Hi @RaghadShu , is your bam file from 10x cellranger? They usually put the CB in the field as the corrected barcode. I guess for the entries you show, their barcodes could not be corrected, so you don't see the CB:Z:XXX field. If you check more alignments, probably you will see them.

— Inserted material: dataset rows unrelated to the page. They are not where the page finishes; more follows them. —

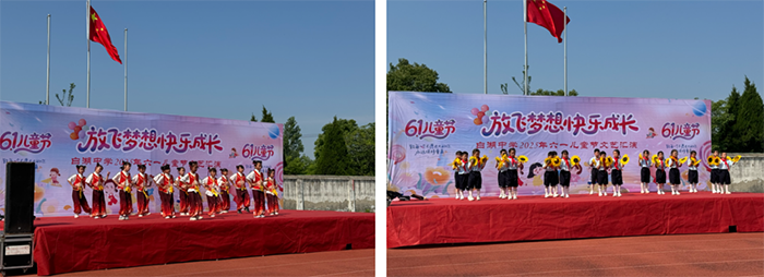 仪式结束后,以“放飞梦想 快乐成长”为主题的庆六·一文艺汇演正式开始。汇演在活力四射的开场舞《小花朵》中拉开帷幕,孩子们用灵动的舞姿瞬间点燃现场气氛。舞台上,节目形式多样、精彩纷呈。诗歌朗诵《少年中国说》铿锵有力,同学们以激昂的语调、饱满的情感,诠释了少年的责任与担当,传递出对祖国的无限热爱;歌曲《当离别开出花》涵盖了吉他演奏与流行金曲,同学们清澈的嗓音与真挚的情感,唱出了童年的纯真与美好。此外,篮球表演、乐器合奏等节目也轮番上阵,将汇演一次次推向高潮。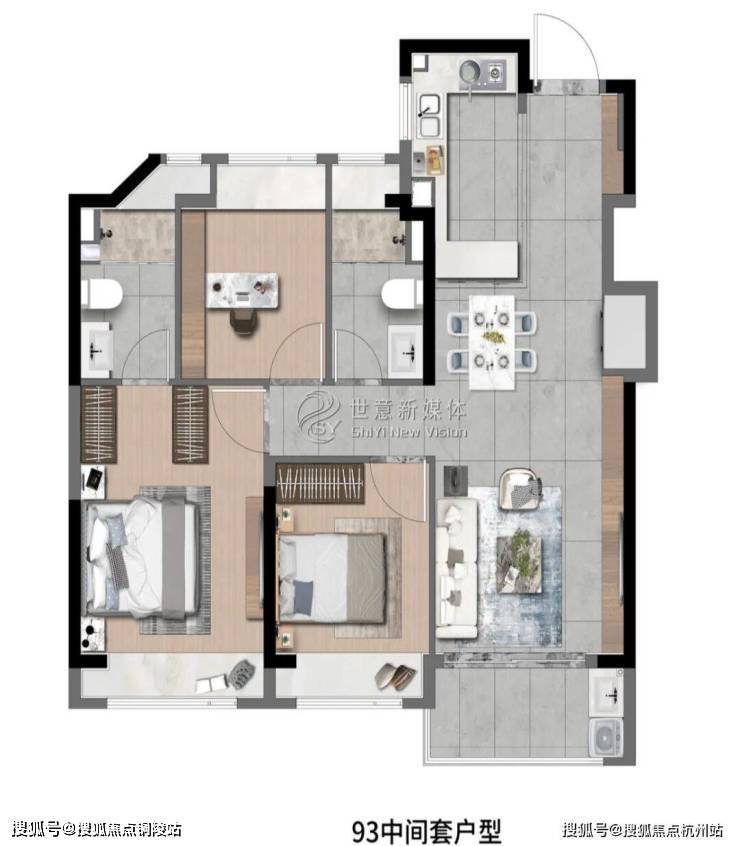 象屿深入考量空间与场景的运用,将生活中看得见与看不见的细节进行了细致打磨。玄关、阳台、厨房、卫浴均设置科学收纳空间,营造高品质生活体验的同时,更带给居者层建面约83㎡3房2厅1卫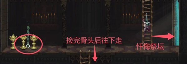 在一堆圣杯当中捡到妓女琼恩的髋骨。髋骨这层右边的门是去忏悔祭坛。如果需要捡尸就去一下。之后沿着梯子往下走。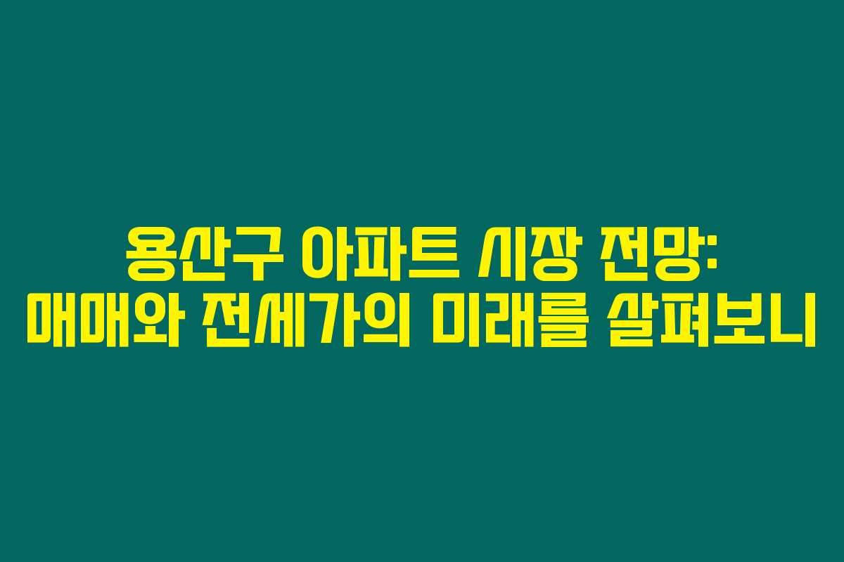 제가 직접 알아본 바로는, 용산구 아파트 시장은 다양한 개발 및 경제적 요인들로 인해 앞으로도 더욱 밝은 행보를 보일 것으로 기대됩니다. 용산국제업무지구와 재개발 프로젝트 같은 대규모 개발이 진행되고 있으며, 교통 편의성과 교육 인프라가 잘 갖춰져 있어 많은 투자자들이 용산구 아파트에 눈길을 끌고 있습니다. 아래를 읽어보시면 향후 용산구 아파트 시장의 매매가와 전세가가 어떻게 변동할지에 대한 인사이트를 얻으실 수 있을 것입니다.
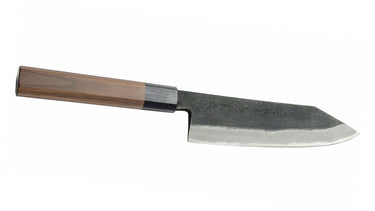 This knife is a solid worker in the kitchen that will handle just about anything you need, outside of going through bone. The iron lamination gives it a bit of weight, which a lot of people prefer, and the Blue #2 core steel holds an amazing edge. Since it is not stainless, a little bit of care is needed, but it's not hard at all to keep up on.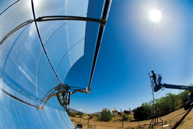 (Above): At the Kramer Junction Solar Electric Generating Station, a 150 megawatt solar power plant located in California’s Mojave Desert, the plant consists of an array of parabolic mirrors. With economies of scale, the cost of solar and wind energies will drastically come down and may be even less than the energy produced by fossil fuels, if we sincerely invest in R&D.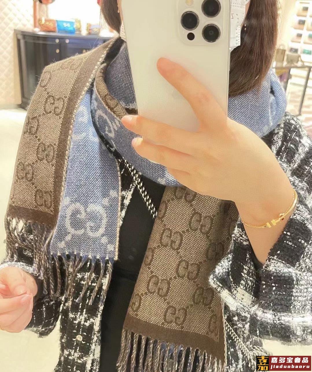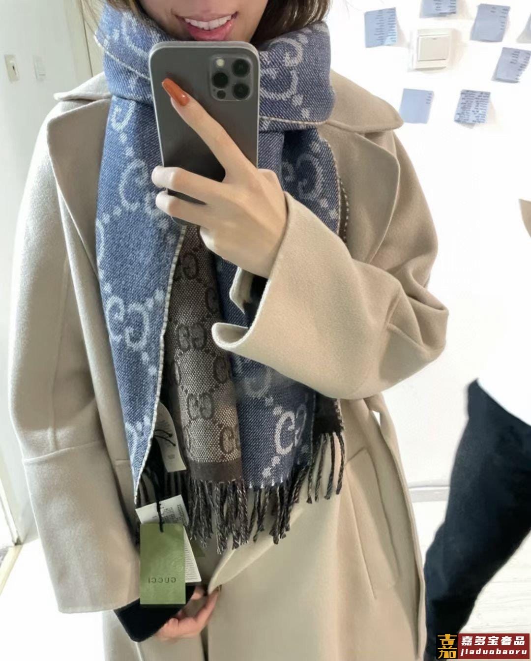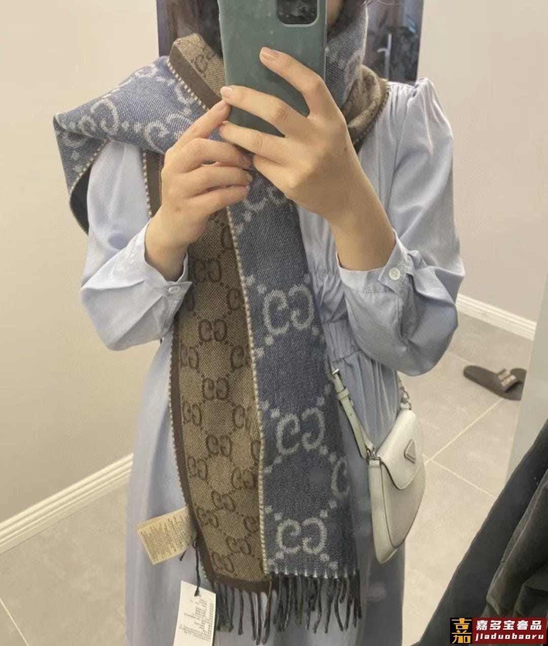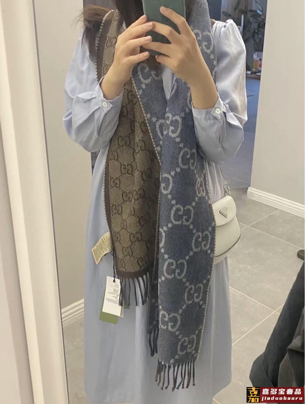 最新字母提花围巾出货都在找的代购爆款经典复古又高级的丹宁蓝色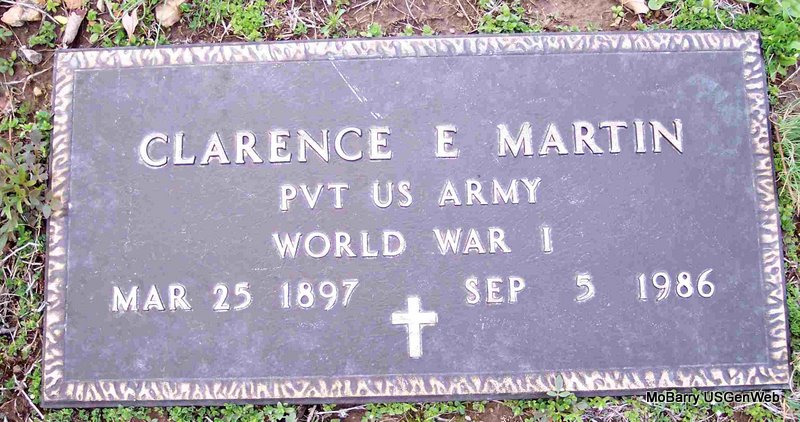SSW: Grace M. - Research Note: WWI Draft Reg. gives his name as Clarence Ernest Martin of Princeton, Franklin Co., KS. His employer was Clayton Martin and nearest relative was his father Henry Martin born IN. He was the son of Henry Martin and Nancy Emiline Walter. - Military Stone - Inscription: "PVT US ARMY WORLD WAR I" | WWI Draft Reg. Census Phyllis Long Photo Diana Cope |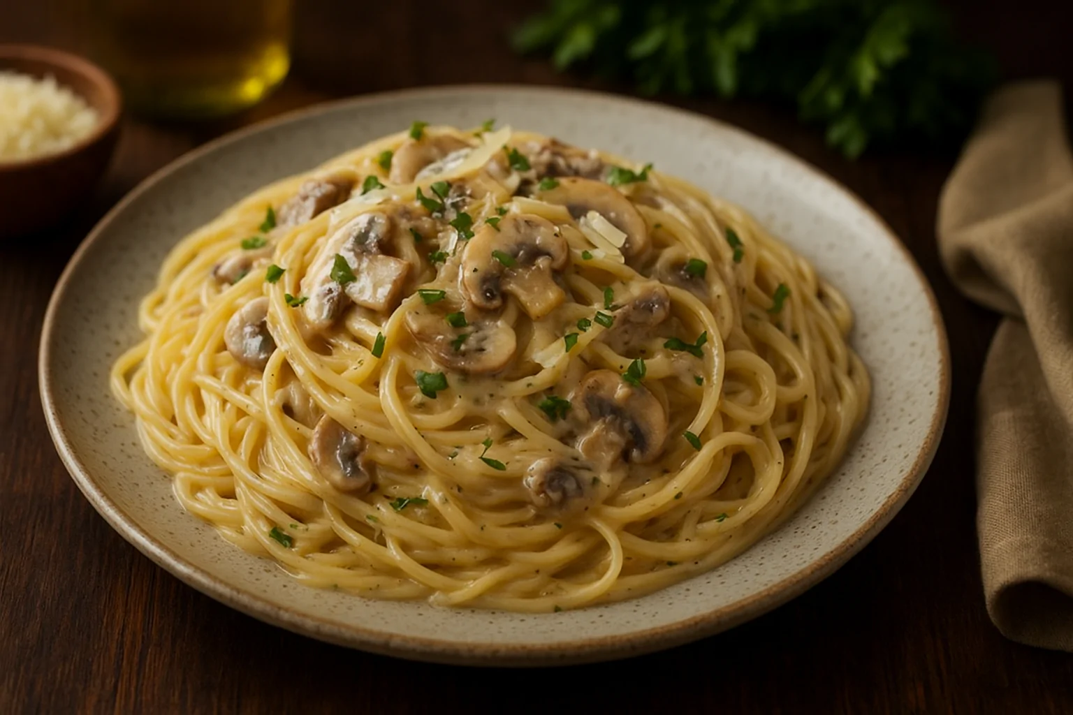 Sirva em pratos fundos de cerâmica, com um fio de azeite e lascas de parmesão por cima. O visual cremoso e o aroma de cogumelos frescos vão conquistar todos à mesa. 🍽️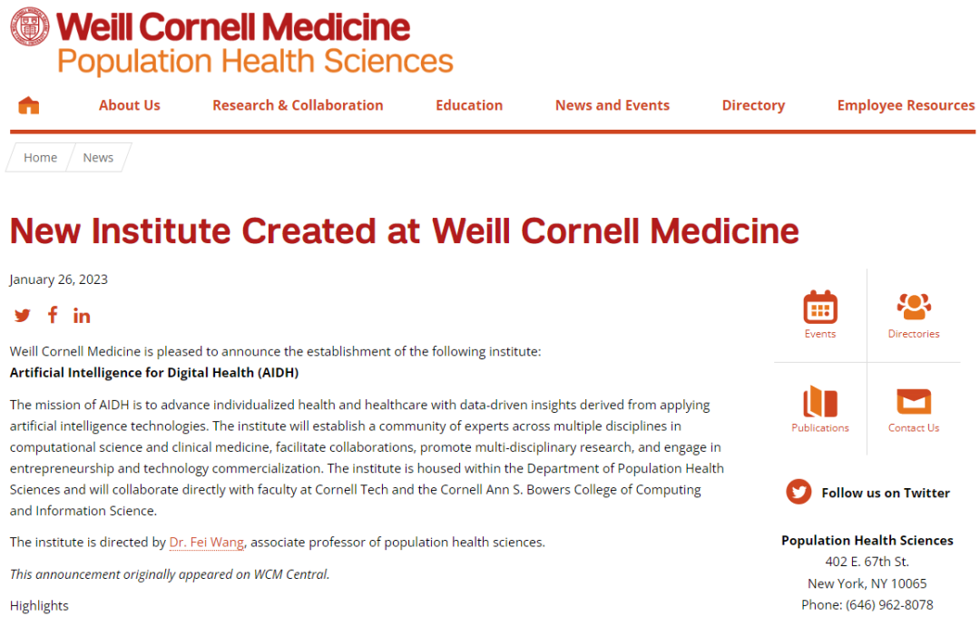 官方新闻链接:https://phs.weill.cornell.edu/news/new-institute-created-weill-cornell-medicine

Hi @mourisl, yes it's from cellranger ARC. Seems like you're right, I did head n -10 and it showed the CB:Z:xxxx field.
Also a trivial issue was that I was running with -barcode rather than --barcode. Seems to be recognizing the CB tags now. Many thanks!!!